Se ele pretendeu reforçar a ideia de que as Forças Armadas não se metem em assuntos políticos pelo menos desde o fim da ditadura militar de 64, conseguiu exatamente o contrário.
Em abril de 2018, às vésperas de o Supremo Tribunal Federal aceitar ou não um pedido de habeas-corpus que poderia libertar Lula preso em Curitiba, Villas Bôas postou no Twitter:
“Asseguro à Nação que o Exército Brasileiro julga compartilhar o anseio de todos os cidadãos de bem de repúdio à impunidade e de respeito à Constituição, à paz social e à Democracia, bem como se mantém atento às suas missões institucionais. Nessa situação que vive o Brasil, resta perguntar às instituições e ao povo quem realmente está pensando no bem do País e das gerações futuras e quem está preocupado apenas com interesses pessoais? Asseguro à Nação que o Exército Brasileiro julga compartilhar o anseio de todos os cidadãos de bem de repúdio à impunidade e de respeito à Constituição, à paz social e à Democracia, bem como se mantém atento às suas missões institucionais.”
À época foi dito que Villas Bôas apenas refletia o ânimo dos seus companheiros de farda. Antecipava-se a possíveis manifestações raivosas de subordinados. Não queria perder o controle da tropa.
Por isso ou por aquilo, intimidado, o Supremo negou o habeas-corpus por 6 votos contra 5 e manteve a prisão de réu condenado em segunda instância. Lula continuou encarcerado.
Foi o general, que é portador da ELA, doença degenerativa do sistema nervoso, que procurou a Fundação Getúlio Vargas interessado em dar seu depoimento para a posteridade.
E o fez ao longo de 13 horas, repartidas em cinco dias, em conversa amena conduzida pelo professor e pesquisador Celso de Castro, autor de diversos livros sobre a temática militar.
Castro deixou-o falar sem contestá-lo nenhuma vez e sem pedir maiores detalhes sobre os fatos relatados. É de supor, portanto, que o general só falou o que quis, conforme planejado.
Villas Bôas conta que a mensagem postada no Twitter de advertência ao Supremo não foi obra exclusivamente sua, mas também do Alto Comando do Exército.
“Sentimos que a coisa poderia fugir ao nosso controle se eu não me expressasse”, diz Vilas Bôas. Não diz que “coisa” era, nem como ela poderia se manifestar. Uma rebelião? Uma tentativa de golpe?
Mas como, se o Exército e as demais armas são apolíticos como diz e repete o general ao longo do seu depoimento? Como, se são fielmente cumpridoras do papel que lhes reserva a Constituição?
A primeira versão da mensagem foi escrita por seu estafe e sob sua orientação, sendo submetida depois aos integrantes do Alto Comando do Exército residentes em Brasília.
Em seguida, ela foi transmitida aos demais comandantes de área para que a endossassem ou sugerissem ajustes. Recebidas as sugestões, a mensagem ganhou sua redação definitiva.
Jair Bolsonaro respirou aliviado quando leu a mensagem no Twitter. Era deputado federal e há pelo menos dois anos estava em campanha como aspirante a candidato a presidente
Neste governo, Villas Bôas, general da reserva, é assessor do Gabinete de Segurança Institucional da presidência da República. Ao empossá-lo, Bolsonaro emitiu todos os sinais de que lhe é grato.

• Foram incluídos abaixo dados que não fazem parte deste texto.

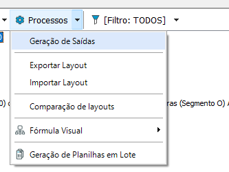 Em seguida, selecione os arquivos desejados e clique em “Processos- Geração de Saídas”
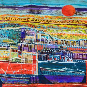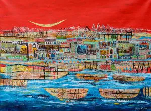 In this painting, large boats rest at the lower edge, illuminated by lights and adorned with colorful pennants. Above them stretches the port area where they are docked, blending seamlessly with the bureaucratic hub of the city, distinct yet interconnected with its residential quarters. Vinita Karim skillfully navigates the complexity, finding order within the bustling scene, perhaps drawing from her intimate familiarity with this imagined community where she appears to be a resident like no other.

Por quê? Talvez porque Villas Bôas respaldou sua candidatura à reboque de generais e de soldados que já o apoiavam. Cada quartel foi uma célula de Bolsonaro, e não será diferente em 2022.
O chefe das Forças Armadas, segundo a Constituição, é o presidente da República. É ele, e somente ele, quem em nome delas pode falar sobre temas políticos de repercussão geral.
Aos comandantes das três armas – Exército, Marinha e Aeronáutica -, cabe falar sobre assuntos administrativos e aqueles diretamente afeitos aos cargos que ocupam.
A fala de Villas Boas não foi a de um chefe que se dirige aos seus subordinados. Foi um pronunciamento em nome do Exército e a propósito do momento político que o país atravessava em 2018.
Não faltou provocação (“Quem realmente está pensando no bem do país e das gerações futuras?”). Nem ameaça (O Exército “se mantém atento às suas missões institucionais”).
Militar não é igual a civil. O que os distingue não é só a farda que um veste e o outro não. Militar tem acesso a armas pesadas, pilota brucutu, maneja tanques e é treinado para matar.
O que um deles fala, soa diferente do civil que diga o mesmo. Porque um tem a força capaz de pulverizar literalmente quem quer que seja. O outro, só a força da palavra.
Não é apenas a saúde dos brasileiros que está ameaçada pelo vírus que o governo Bolsonaro ignorou o quanto pôde. A saúde da democracia segue sob ameaça.